The upper atmosphere is ionized by the solar radiation, mainly by soft x-rays. This process, which strips electrons from atoms and molecules, extends down to about 85 km, that is, to the height above which the temperature rises steadily with height. The maximum concentration of free electrons is produced at about 250 km and is called the F-layer of the ionosphere. A typical value is about 106 electrons/cc. A very important subsidiary maximum occurs at 100 km, the ionospheric E-layer, where the mid-day value in middle latitudes is about 105 electrons/cc. At 100 km the temperature is approximately 200°K but at 300 km it has already reached 1400°K. lonization however is not complete until the temperature has reached about 30,000°K in the outer hydrogen atmosphere. Of course, the gas density is then so low that the total number of free electrons produced is much smaller than at lower levels.

lonization equilibrium requires a balance of the ionization and recombination rates. At 100 km, ionization disappears very rapidly when the ionizing radiation is removed as at night. However at 250 km, because the mean free path is so much longer, the ionization diminishes very slowly. The presence of significant residual ionization at 100 km at night has been a long-standing enigma. We have also long wondered what happens at greater heights in the prolonged polar night and have now learned from the South Pole scientific station that the ionization does not undergo any large decrease at that time. What is more, it exhibits a strong diurnal variation, as at lower latitudes, even though it is not alternately illuminated and darkened by the earth's rotation. This presents a new puzzle.

The Geomagnetic Field

It was first recognized by William Gilbert, a contemporary of Shakespeare, that the Earth possesses a significant magnetic field. On the basis of potential-theory, it has been demonstrated that the main field rises from sources within the Earth. The nature of the source has not been determined but the most plausible theory is that it is an ordered turbulence within the liquid core. The recent finding by the Russian rocket "Lunik III" that the Moon has no substantial magnetic field is consistent with this theory and with the belief that the Moon has no liquid core, although the latter point must be reconciled with the observation by the Soviet astronomer Nikolai Kozyrev of what he interpreted to be a volcanic eruption on the Moon. The external magnetic field of the Earth approximates that of a uniformly magnetized sphere or, what is equivalent, that of a small dipole placed at the center of the Earth. The axis of this field is inclined 11.4° to the spin or geographic axis. There are marked perturbations in the field near the Earth's surface, presumably due to non-uniformity in the permeability of the Earth's crust. The effect of these perturbations is significant well into the ionosphere. The magnetic or dip poles are the places where the field is perpendicular to the surface. Because of the surface perturbations, these do not coincide with the geomagnetic poles defined for the unperturbed field. The field undergoes long-term (secular) changes which are barely significant from year to year.

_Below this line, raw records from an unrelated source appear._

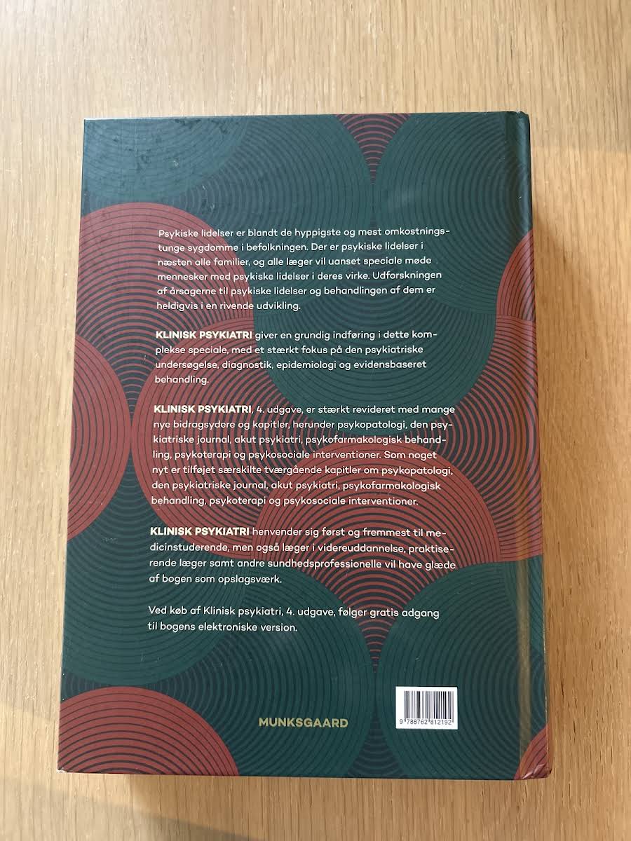 Psykiske lidelser hører til blandt de mest udbredte og omkostningstunge sygdomme i befolkningen. Næsten alle familier har erfaringer med psykiske problemer, og alle læger - uanset speciale - vil møde patienter med psykiske lidelser i deres daglige arbejde. Klinisk psykiatri giver en grundig indføring i dette komplekse speciale med et stærkt fokus på psykiatrisk undersøgelse, diagnostik, epidemiologi og evidensbaseret behandling. Bogen klæder læseren på til at vurdere symptomer, stille diagnoser og iværksætte relevante behandlingsstrategier. I denne 4. udgave (2016) er indholdet gennemrevideret og ajourført i lyset af ny forskning. Der er tilføjet særskilte kapitler om psykopatologi, den psykiatriske journal, akut psykiatri, psykofarmakologisk behandling, psykoterapi og psykosociale interventioner, så bogen i alt omfatter 656 sider med aktuel viden fra en bred kreds af specialister. Klinisk psykiatri henvender sig først og fremmest til medicinstuderende, men også til læger i videreuddannelse, praktiserende læger og andre sundhedsprofessionelle, som har brug for et solidt opslagsværk i det psykiatriske felt.
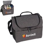 Features front slash pocket with reflective tab, 1 mesh side pocket and 2-zippered opening 300D Polyester, 600D Polyester, 5mm Foam with PEVA lining 30 can capacity Adjustable shoulder strap, plus top handle. 9.5″ D x 13″ W x 11″ H
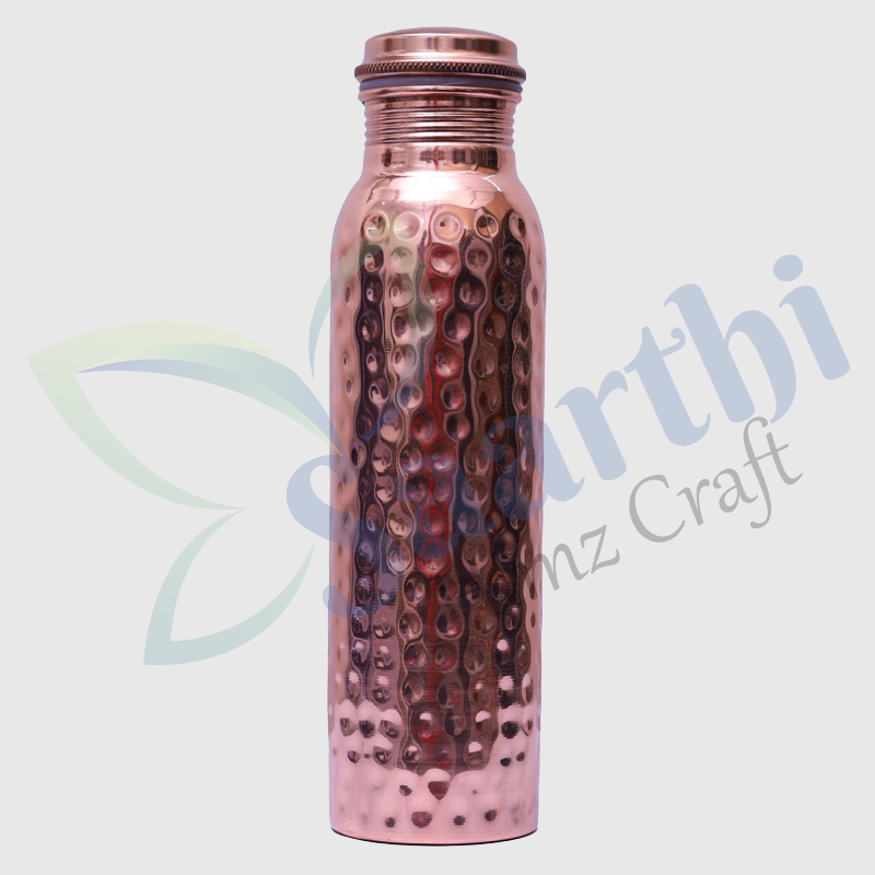 950ML in Capacity and 280gms in weight (approx)Joint Less Hammered Design Pure Copper Water Bottle with Lacquer coating outside and Silicon Washer for leak proof
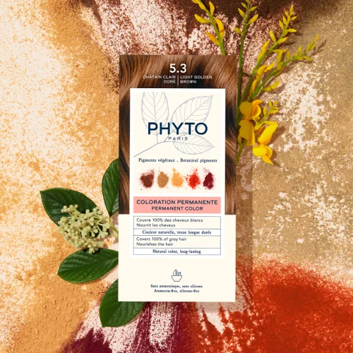 Phyto Phytocolor Colorazione Permanente Tinta Numero 5.3 colora naturalmente la fibra assicurando un risultato di colorazione intensa, naturale e ricca di riflessi luminosi. Con un minimo di sette pigmenti per nuance, rappresenta la prima colorazione permamente ai pigmenti vegetali che non contiene ammoniaca. Copre il 100% dei capelli bianchi a partire dalla prima applicazione e non sbiadisce.
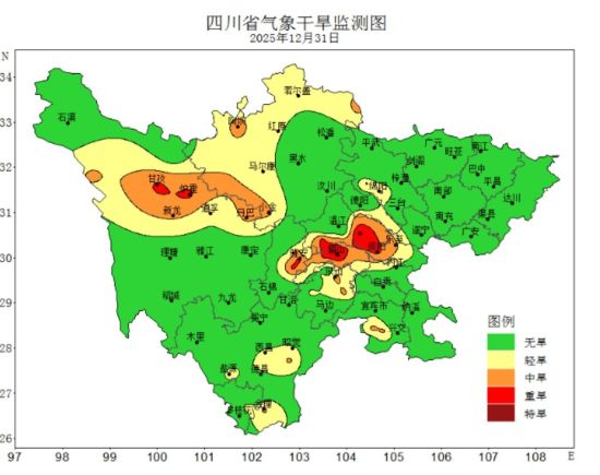 目前,气象干旱主要出现在川西高原中部和盆地西部部分地区,从全省看整体上不明显。据2025年12月31日气象干旱综合指数监测,在全省156个国家气象观测站中,有52站存在气象干旱,其中轻旱17站、中旱23站、重旱10站、特旱2站。重度以上气象干旱主要分布在川西高原中部以及盆地西部成都、雅安和眉山3市,重旱为蒲江、邛崃、简阳、甘孜、炉霍、丹棱、彭山、荥经、雅安、雁江,特旱为东坡、龙泉驿。
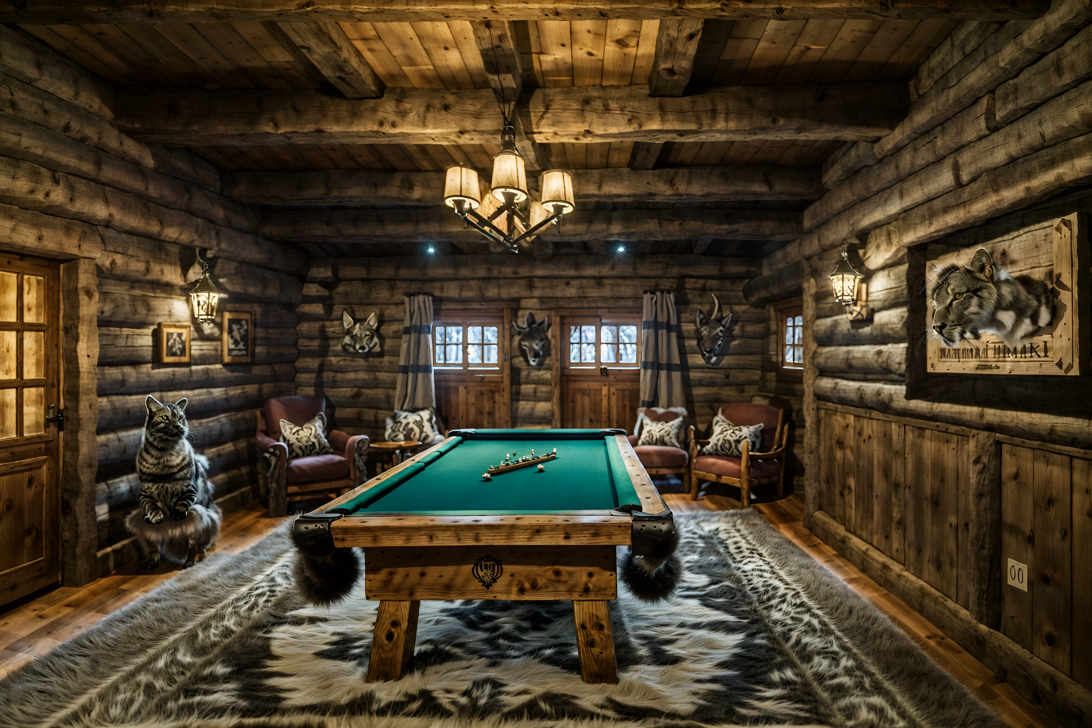 photo from pinterest of ski chalet-style interior designed (gaming room interior) . with animal furs and animal motifs and nature-inspired and exposed timber and wood beams and wooden walls and rustic and richly patterned fabrics. . cinematic photo, highly detailed, cinematic lighting, ultra-detailed, ultrarealistic, photorealism, 8k. trending on pinterest. ski chalet interior design style. masterpiece, cinematic light, ultrarealistic+, photorealistic+, 8k, raw photo, realistic, sharp focus on eyes, (symmetrical eyes), (intact eyes), hyperrealistic, highest quality, best quality, , highly detailed, masterpiece, best quality, extremely detailed 8k wallpaper, masterpiece, best quality, ultra-detailed, best shadow, detailed background, detailed face, detailed eyes, high contrast, best illumination, detailed face, dulux, caustic, dynamic angle, detailed glow. dramatic lighting. highly detailed, insanely detailed hair, symmetrical, intricate details, professionally retouched, 8k high definition. strong bokeh. award winning photo.
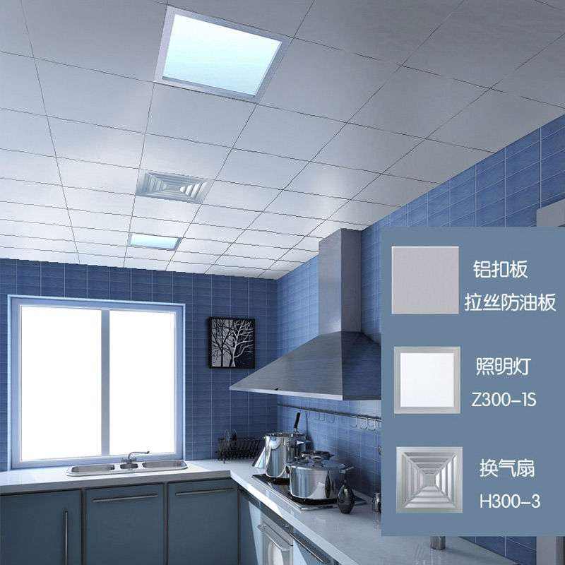 以輕鋼龍骨做安裝骨架,再把鋁扣板一塊一塊扣上去,并可以在其中任意位置添加排氣扇、燈、浴霸等組件,模塊化的組合形式十分靈活好用,從開始流行至今,在廚衛吊頂界屹立不倒。
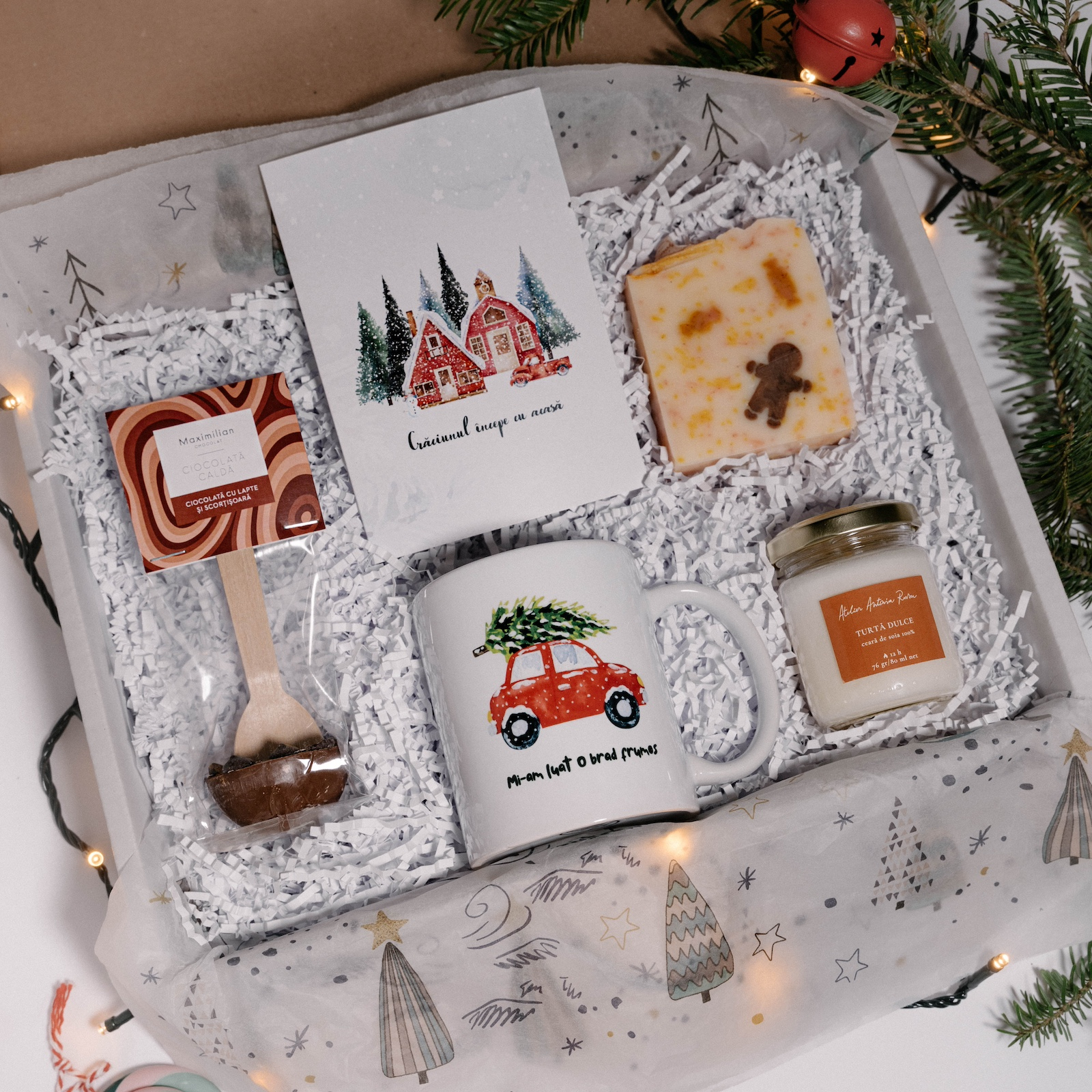 Acest cadou reprezintă o invitație perfectă la un moment de răsfăț și relaxare, fiind completat de o cană festivă și o lumânare parfumată. Este alegerea ideală pentru a oferi confort și bucurie de sărbătoare unei persoane dragi.
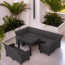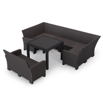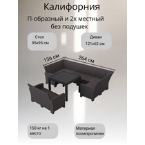 Комплект мебели под ротанг Калифорния (California) с П-образным диваном 136х264х136 см 6 мест, 2х-местным диваном 121х62 см, без подушек, со столом 95х95 см.
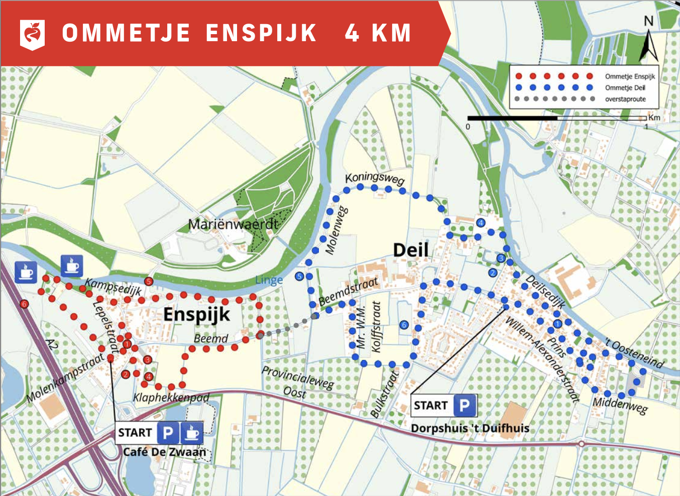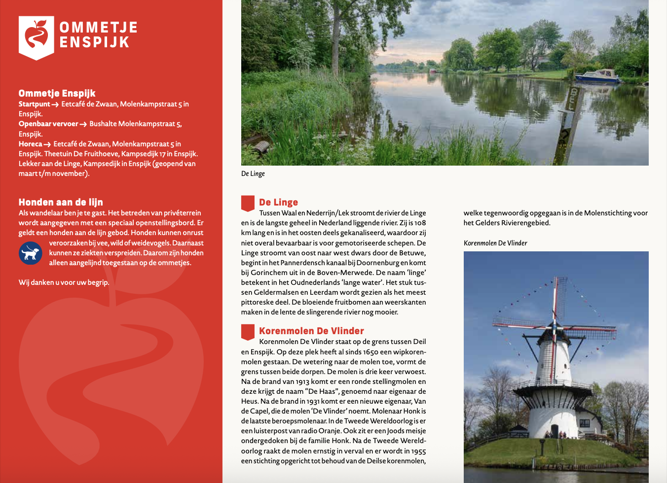 Op 4 oktober opent de wethouder het ommetje Enspijk dat samen met de stichting Landschapsbeheer Gelderland en een werkgroep bestaand uit inwoners van Deil en Enspijk is ontwikkeld. Ontdek tijdens het Ommetje het mooie landschap rondom Enspijk met oude dijken en boomgaarden. De route kan worden verlengd tot 9 km door het te combineren met het Ommetje Deil. Dit staat op de kaart aangegeven en is onderweg gemarkeerd.
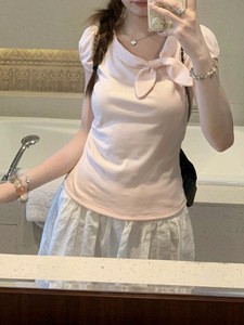 TheDouerr ウサギ耳 かわいい半袖Tシャツ 3色 夏 スリムフィット 右肩トップス 着痩せ
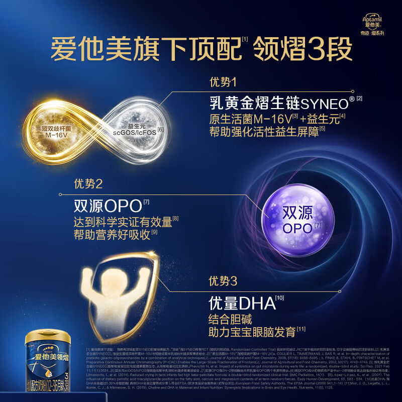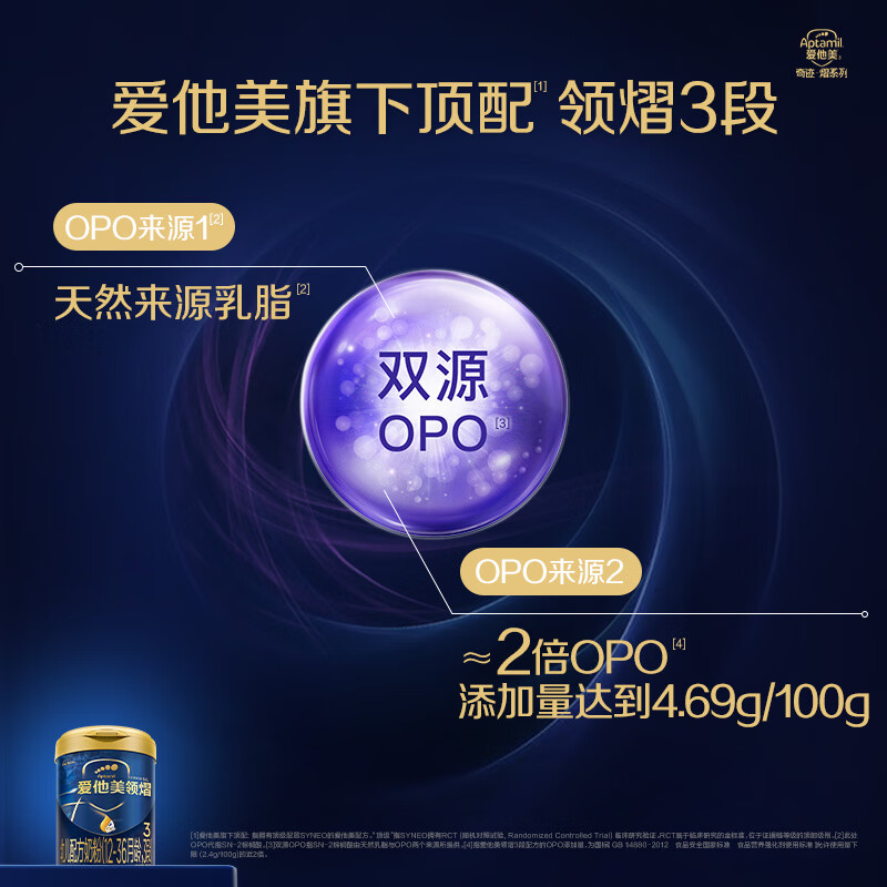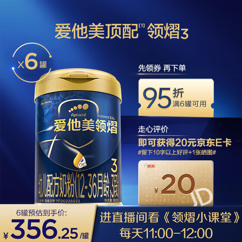 爱他美(Aptamil)领熠幼儿配方奶粉(12—36月龄 3段) 800g*6罐 整箱装价格:2250.00元!

Now imagine a bar magnet being rotated, not about an axis along its length, but about an axis inclined at 11.4° to that direction. Then the magnetic field wobbles as it turns in space. This is precisely the way the Earth's field looks when seen from interplanetary space.

When an electric charge moves across a magnetic field it experiences a force proportional to the magnitude and speed of the charge and to the strength of the magnetic field. The direction of the force is mutually perpendicular to the motion of the charge and to the direction of the magnetic field. In the ionosphere, this is of basic importance because there are many charged particles produced by ionization and the geomagnetic field is present throughout. Consequently, winds, drifts, and turbulence in the ionosphere are very complicated. Positive and negative charges experience opposite forces so that charges are separated and the region is polarized (the Hall effect). This in turn produces an electric field which produces additional forces on the charges. Furthermore, moving charges constitute electric currents which give rise to their own magnetic fields. A study of this very complicated situation is called magneto-hydrodynamics. It is particularly essential to the study of stellar atmospheres such as that of the Sim.

Solar Activity

Solar activity undergoes a cyclic variation with an eleven-year period and the number of sunspots to be seen is a measure of the activity. The first spots of a new cycle appear at high latitudes on the Sun. As the cycle increases in intensity, the spots appear in greater numbers and size, and at lower and lower latitudes. Sometimes the first spots of a new cycle appear at very high latitudes while some from the dying cycle are still to be seen near the equator. Sunspots have magnetic fields which are all in one direction for spots associated with one cycle and all in the other for spots associated with the preceding or following cycle. Strictly speaking then, the sunspot cycle is a twenty-two-year cycle. When solar activity is high, the general level of radiation is raised and there are also then great outbursts of gas which spray out from the turning Sun like streams of water from a lawn sprinkler. When one of these engulfs the Earth, many phenomena occur. The charged particles are guided by the turning and wobbling Earth's magnetic field into very complicated orbits including the trapped orbits confirmed by James Van Allen's observations with artificial satellites. As the particles precipitate into the atmosphere, they excite the air by collision and cause it to glow, producing the aurora. The fortuitous observation of artificial aurora at Apia produced by the first nuclear explosions in the ionosphere presaged the more exciting Argus shots which injected electrons into trapped orbits in the ionosphere above the South Atlantic and produced artificial aurora near the Azores at the other end of the trapped orbit.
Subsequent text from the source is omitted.